The sorprising interaction is with respect to total sulfur dioxide. We didn’t hope to find a negative relationship between such variable and wine quality. However, this may be caused by its concentration. Wines with a concentration greater than 50 ppm tend to get less score than wines with ppm values around 15 and 35. Again, one posible explanaition is that though total sulfur dioxide may be useful as an antibacterial and antioxidant, in important concentration can be detected by smell or taste.
This plot summerized the two main positive variables we found that may exaplained the scores each one may have taken. Separatly we can see a positive relation between citric acid and alcohol and wine quality.
## Warning: Removed 9 rows containing non-finite values (stat_boxplot).

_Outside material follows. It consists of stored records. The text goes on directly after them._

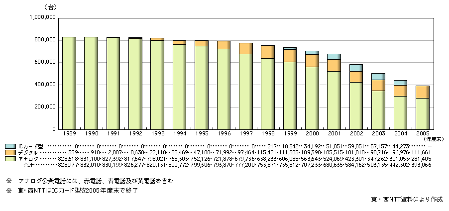 2005年度末における東・西NTT等の公衆電話施設数は、39.3万台(対前年度末比11.1%減)となっており、1999年度以降減少している(図表2-1-9)。 東・西NTTの公衆電話施設は、アナログ公衆電話からデジタル公衆電話へとシフトしつつある。 図表2-1-9 公衆電話施設数の推移
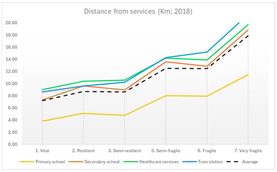 Relevant relations can be traced between demographic typologies and accessibility to services. Figure 2 confirms that higher fragility implies lower accessibility to essential services, such as primary and secondary schools, train stations and healthcare services. The average distance from these services of very fragile areas is more than double compared to the groups of resilient and vital ones. Dynamic economies and better transport infrastructures allow residents in vital and resilient areas to keep more frequent exchanges with nearby municipalities and for better mobility inside and outside their own municipalities. From a dynamic perspective, these disparities will widen so that service accessibility does not attract any more public or private investments due to the shrinking population.
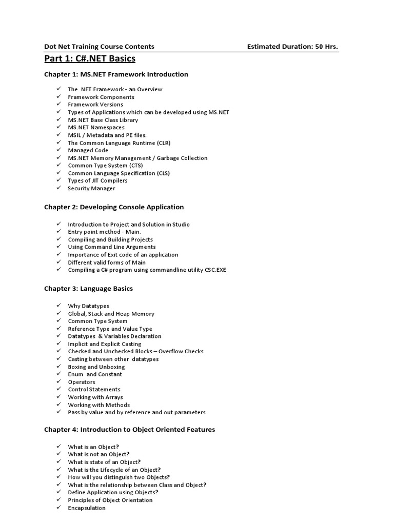 Dot Net Training Course Contents Estimated Duration: 50 Hrs.
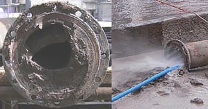 Метод основан на подаче воды под давлением от 250 до 2000 бар при помощи специальных насадок. Струя ламинарного потока воды разрушает цемент или бетон и вымывает его из трубы. Гидродинамика позволяет эффективно удалить не только бетонные отложения, но и корни деревьев, строительный мусор, затвердевший жир, нефтяной кокс, отложения кальция, очистить борта судна и причалов. Данный метод максимально щадящий для труб, но требует умения работать с оборудованием.
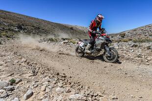 Equipaggiata con accessori Ducati Performance, la Multistrada 1260 Enduro in foto ha regalato al pilota Andrea Rossi - tester e collaboratore di Ducati - i primo posto nella categorie bicilindriche al Transanatolia Rally 2020, accompagnandolo per ben 2.850 km lungo piste sterrate e sabbiose

This plot summerized the two main negative variables we found that may exaplained the scores each one may have taken. Separatly we can see a negative relation between volatile acidity and total sulfur dioxide and wine quality. However, it is worth to take into account that wines quality 3 and 4 seems to have the same proportion of SO2 as the better ones.
Finally, we plotted the positive and negative relationships we found in the analysis. Wines with higher concentration of alcohol and citric acid tend perform better in a test. And, on the other side, Wines with low concentration of SO2 and acetic acid tend to perform better than wines with higher concentration. Again, is it worth to notice, that it can be seen an imaginary vertical line around 50 ppm where good wines tend to be on the left.

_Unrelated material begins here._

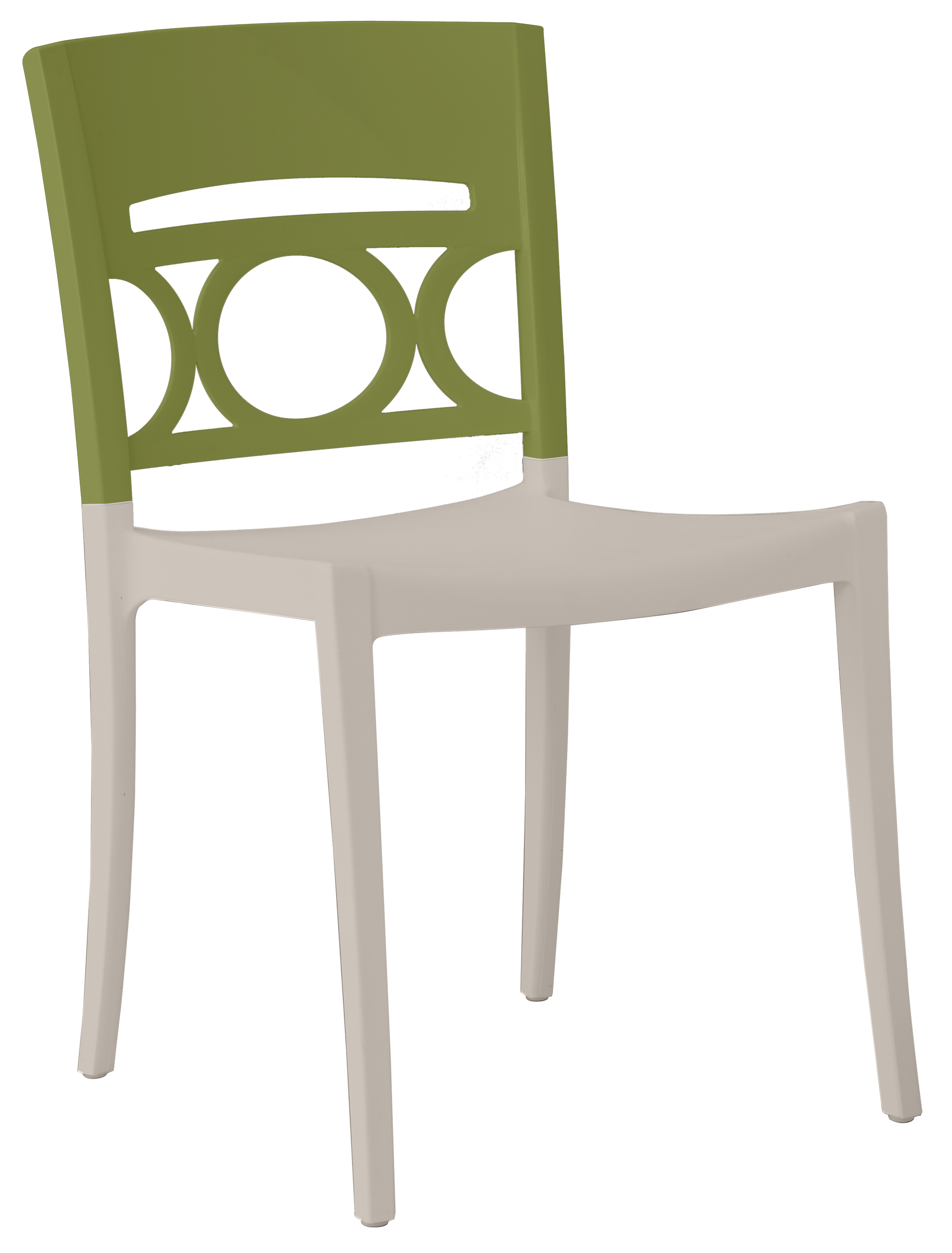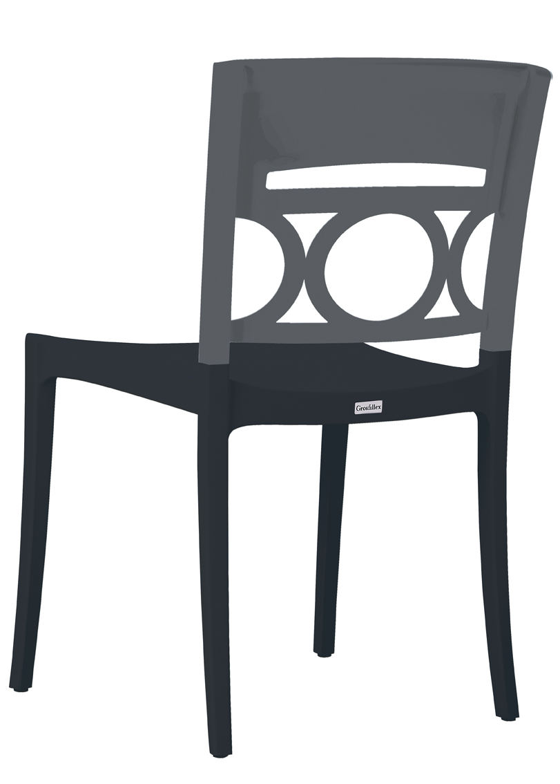 Polypropylene seat reinforced with fibreglass.

To summarize, though wine tasting may seem an ancient practice done by professionals and some times seen as subjective and/or relegated to a small group of people, we were able to find some patterns concerning those decisions. It can be said now, that four variables can be the main drivers of quality in wines. Citric Acid and Alochol were found to be the main positive attributes a wine should have, while Volatile Acidity and Total Sulfur Dioxide were the main negative ones. In spite of that, more work need to be done regarding the latter variable. We know that SO2 helps as an antibacterial and antioxidant, but in high concentrations it may be detected and becomes a negative drive for its bad taste and smell. The right amount perhaps can be found around 15 and 35 ppm, but this is still only a rough aproximation.